[Saved data entries]

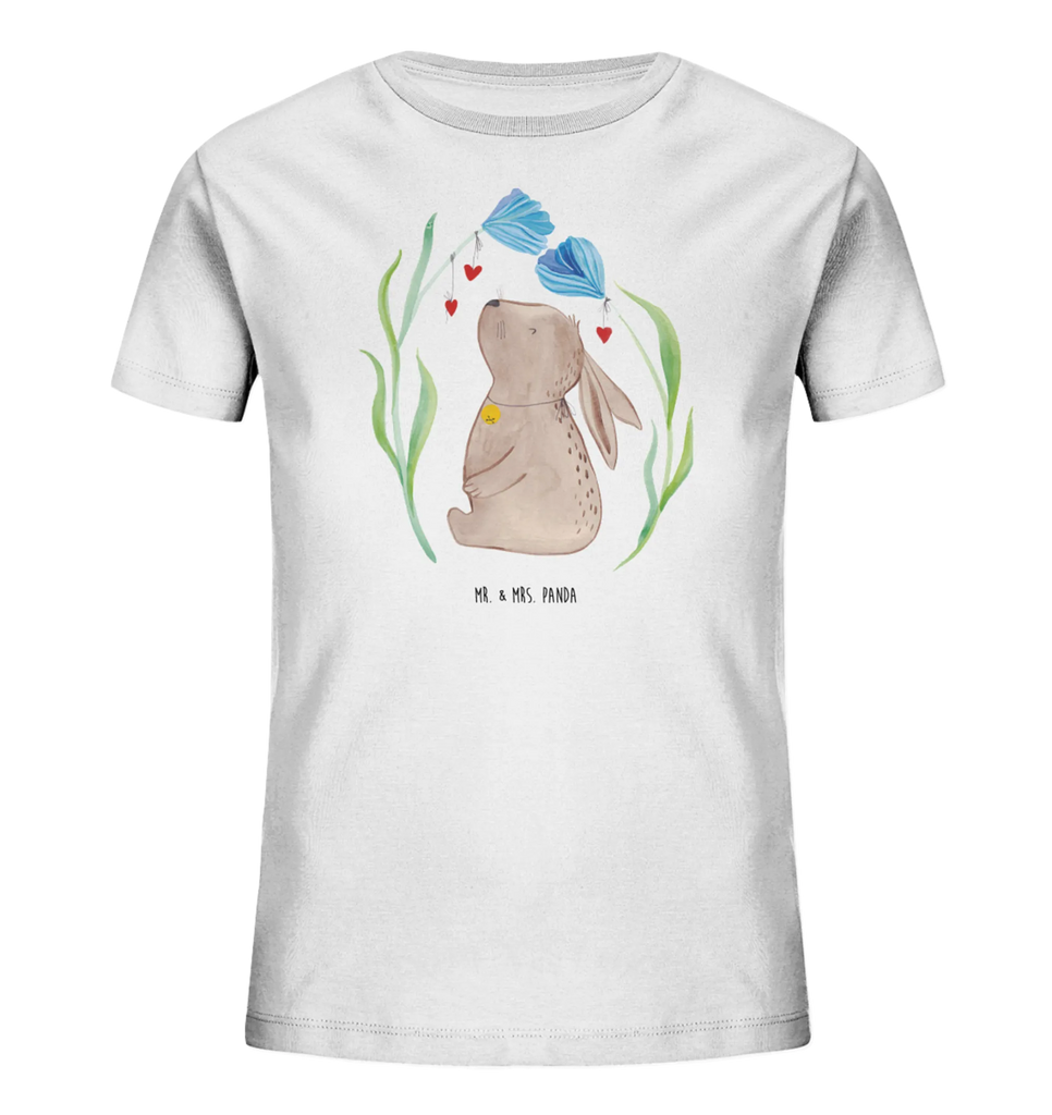 Das wunderschöne Organic Kinder T-Shirt mit dem Motif Hase Blume aus der speziellen Ostern-Kollektion von Mr. & Mrs. Panda ist das perfekte Geschenk für Kinder und Eltern, die das Osterfest lieben!
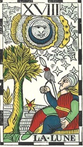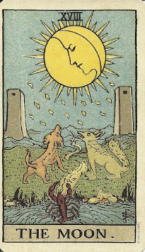 The British occultists of the Hermetic Order of the Golden Dawn shared the French view that this card represents delusion and mental error; then they added the psychological dimension of personal demons and impulses repressed in the subconscious. According to A. E. Waite, the dog and wolf are the fears that arise when there is only reflected light to guide us on the path leading to an unknown destination. Waite shows the Moon’s face in profile, like the 18th century Tarot de Marseille Type II cards. Two sets of sixteen rays indicate that the life of the imagination is separate from the life of the spirit. Waite tells us the moon is looking down calmly and dispassionately on the drama in the landscape below. The crab wants to crawl out of the water and follow the path to higher consciousness, but it’s situation is hopeless. It will inevitably fall back into the primal waters of the unconscious.
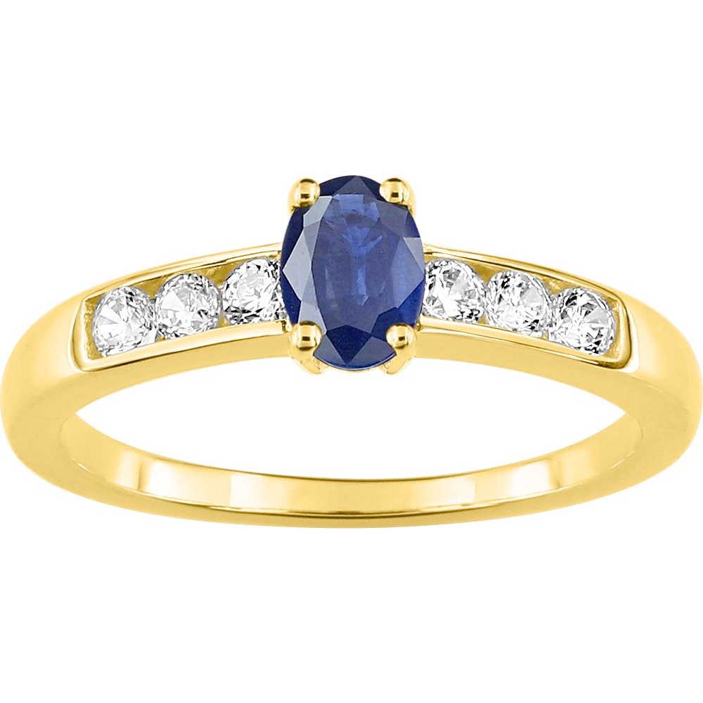Bague Or Jaune 750/1000 Saphir Ovale et Oxydes Serti Rail
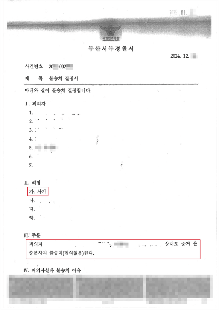 수사기관은 변호인의 주장을 받아들여, 의뢰인이 전세대출 사기 조직의 범행을 인식하거나 가담했다고 볼만한 증거가 부족하다고 판단하였습니다. 특히 의뢰인이 임대차 계약서 작성에 직접 관여하지 않은 점, 사기 조직의 다른 구성원들과 접촉이 없었던 점, 범행에 대한 인식이 없었던 점 등을 고려하여 혐의없음 결정을 내렸습니다.
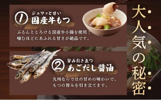 大ぶりにカットしたもつの、噛むほどにじゅわ~っとあふれる甘くクリーミーな味わいがたまりません。 あごだし醤油仕立てのスープは九州ならではの甘めの味わいで、もつの旨みを引き立てます。 キャベツやニラ、豆腐などを入れて煮込むだけで、本場博多のもつ鍋が手軽にご家庭でお楽しみいただけます。 ちゃんぽん麺もついているので、〆はまずはちゃんぽんで、残ったスープにごはん(ご家庭でご準備ください。)を入れてお楽しみください。 〈原材料名〉 【牛もつ】牛小腸(国産) 【スープ】(濃縮タイプ) しょうゆ、アミノ酸液、還元水あめ、砂糖、食塩、たん白加水分解物、焼きあごだし、ポークエキス/調味料(アミノ酸等)、酒精、増粘剤(キサンタン)、甘味料(カンゾウ)、(一部に小麦・大豆・豚肉を含む) 【ちゃんぽん麺】小麦粉、澱粉、乾燥卵白、植物性蛋白、食塩/かんすい、焼成Ca、着色料(クチナシ)、(一部に卵・小麦を含む)

Problem requirements
Repeat the records above exactly. Pictures do not belong in the copy.

Output for this task
 Das wunderschöne Organic Kinder T-Shirt mit dem Motif Hase Blume aus der speziellen Ostern-Kollektion von Mr. & Mrs. Panda ist das perfekte Geschenk für Kinder und Eltern, die das Osterfest lieben!
 The British occultists of the Hermetic Order of the Golden Dawn shared the French view that this card represents delusion and mental error; then they added the psychological dimension of personal demons and impulses repressed in the subconscious. According to A. E. Waite, the dog and wolf are the fears that arise when there is only reflected light to guide us on the path leading to an unknown destination. Waite shows the Moon’s face in profile, like the 18th century Tarot de Marseille Type II cards. Two sets of sixteen rays indicate that the life of the imagination is separate from the life of the spirit. Waite tells us the moon is looking down calmly and dispassionately on the drama in the landscape below. The crab wants to crawl out of the water and follow the path to higher consciousness, but it’s situation is hopeless. It will inevitably fall back into the primal waters of the unconscious.
Bague Or Jaune 750/1000 Saphir Ovale et Oxydes Serti Rail
 수사기관은 변호인의 주장을 받아들여, 의뢰인이 전세대출 사기 조직의 범행을 인식하거나 가담했다고 볼만한 증거가 부족하다고 판단하였습니다. 특히 의뢰인이 임대차 계약서 작성에 직접 관여하지 않은 점, 사기 조직의 다른 구성원들과 접촉이 없었던 점, 범행에 대한 인식이 없었던 점 등을 고려하여 혐의없음 결정을 내렸습니다.
 大ぶりにカットしたもつの、噛むほどにじゅわ~っとあふれる甘くクリーミーな味わいがたまりません。 あごだし醤油仕立てのスープは九州ならではの甘めの味わいで、もつの旨みを引き立てます。 キャベツやニラ、豆腐などを入れて煮込むだけで、本場博多のもつ鍋が手軽にご家庭でお楽しみいただけます。 ちゃんぽん麺もついているので、〆はまずはちゃんぽんで、残ったスープにごはん(ご家庭でご準備ください。)を入れてお楽しみください。 〈原材料名〉 【牛もつ】牛小腸(国産) 【スープ】(濃縮タイプ) しょうゆ、アミノ酸液、還元水あめ、砂糖、食塩、たん白加水分解物、焼きあごだし、ポークエキス/調味料(アミノ酸等)、酒精、増粘剤(キサンタン)、甘味料(カンゾウ)、(一部に小麦・大豆・豚肉を含む) 【ちゃんぽん麺】小麦粉、澱粉、乾燥卵白、植物性蛋白、食塩/かんすい、焼成Ca、着色料(クチナシ)、(一部に卵・小麦を含む)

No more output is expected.